Trouble with goroutines in a for loop

Ghost Bunnies picture Ghost Bunnies · Jul 9, 2016 · Viewed 7.1k times · Source

I am trying to solve this problem on Exercism:

Write a program that counts the frequency of letters in texts using parallel computation.

Basically, I have a FreqMap type:

type FreqMap map[rune]int

And a Frequency function:

func Frequency(s string) FreqMap {
    m := make(FreqMap)
    for _, v := range s {
        m[v]++
    }
    return m
}

Exercism provides an example implementing a concurrent version using recursion, but I would like to implement my own version using a for loop. I came up with the following solution, which does not work:

func ConcurrentFrequency(l []string) FreqMap {
    c := make(chan FreqMap)
    for i := 0; i < len(l); i++ {
        go func(i int) {
            c <- Frequency(l[i])
        }(i)
    }
    return <- c
}

This seems to return after only 1 iteration, c seems to contain the result of only 1 goroutine; I get the same result if I add a sync.WaitGroup.
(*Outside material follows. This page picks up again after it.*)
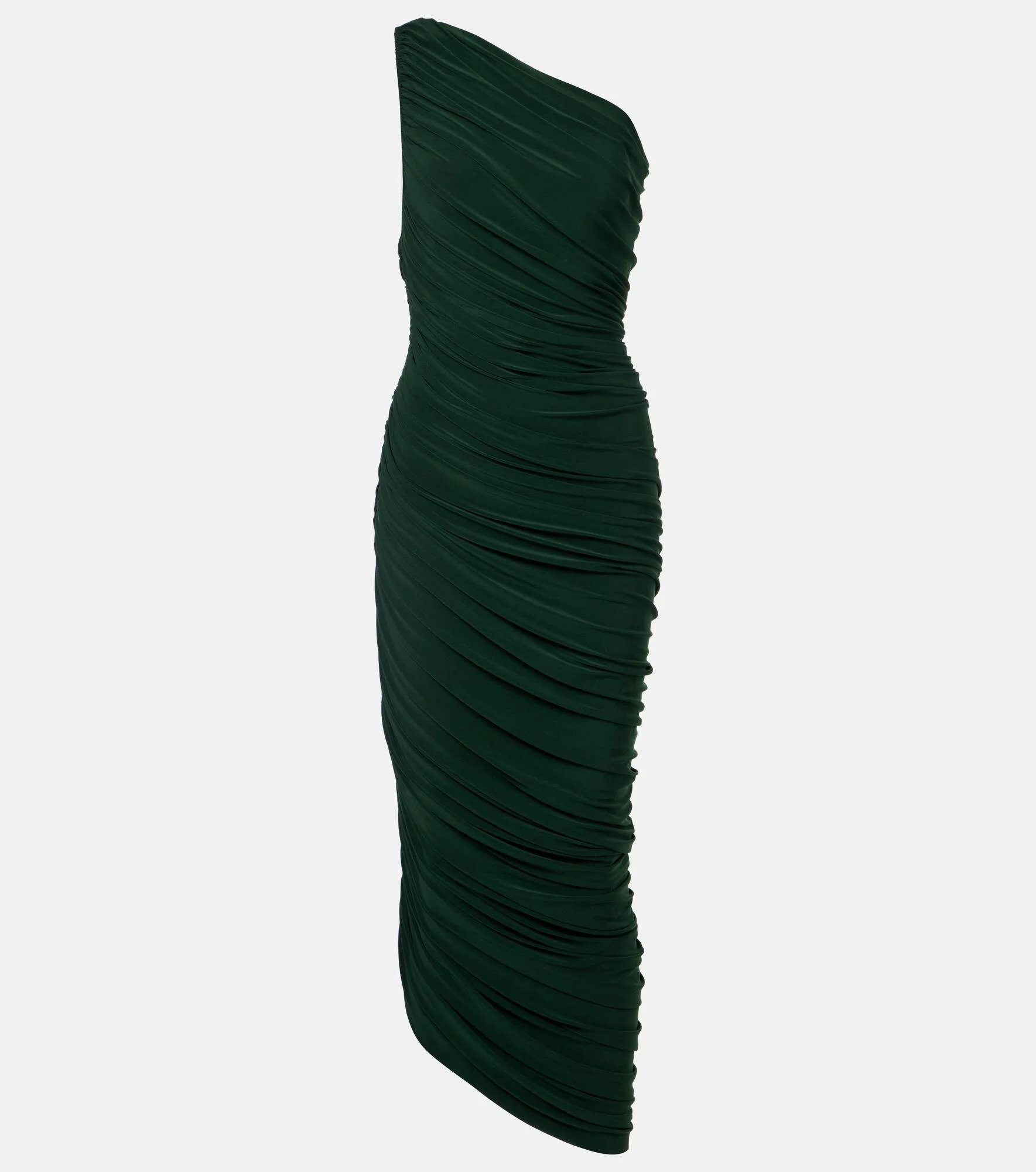 Norma Kamali's playful approach to design has taken the world by storm since the 1960s. Rendered in a deep emerald green hue, the Diana gown features a one-shoulder, fitted silhouette with an asymmetrical hem and all-over ruching. Product Details - Material: 95% polyester, 5% elastane - Care instructions: dry clean - Made in China - Color: green - Designer color name: Dark Emerald - Item color: green - Hem: uneven - Item number: P01127748 Size & Fit - True to size - Fitted - Slightly stretchy fabric - Medium-cut leg - The model seen in the picture is 178cm-5'10" and wearing a size XS

Could you please explain what I am missing here?

Thank you in advance for your help!

Answer

ain picture ain · Jul 9, 2016

Your code seems to make only one iteration because ConcurrentFrequency returns the first value from the channel and thats it. I quess you want something like this:

func ConcurrentFrequency(l []string) chan FreqMap {
    c := make(chan FreqMap)
    go func() {
        var wg sync.WaitGroup
        wg.Add(len(l))
        for _, s := range l {
            go func(s string) {
                defer wg.Done()
                c <- Frequency(s)
            }(s)
        }
        wg.Wait()
        close(c)
    }()
    return c
}

Now it returns the channel of maps, these you probaly want to combine into sigle map:

func main() {
    m := make(FreqMap)
    for v := range ConcurrentFrequency([]string{"foo", "bar","zoo"}) {
        for k, v := range v {
            m[k] += v
        }
    }
    fmt.Println(m)
}

Longer explanation that doesn't fit into comment:

In the for _, s := range l loop all goroutines write into the same channel, but as that channel is not buffered, as soon as the first value is written into it, it is "full", meaning that no other values can be written into it. So only one goroutine in the loop can complete, and wg.Done is called only once. Thus if the source array has more than one string, the rest of the gorutines can't complete until something starts to consume values from the channel. But in your version it would be stuck in wg.Wait as not all goroutines are done and thus the ConcurrentFrequency can't return the channel to the consumer. In the way I wrote the ConcurrentFrequency, the cannel can be returned to the consumer and this (reading from the channel) enables the other Frequency(s) calls to write into channel.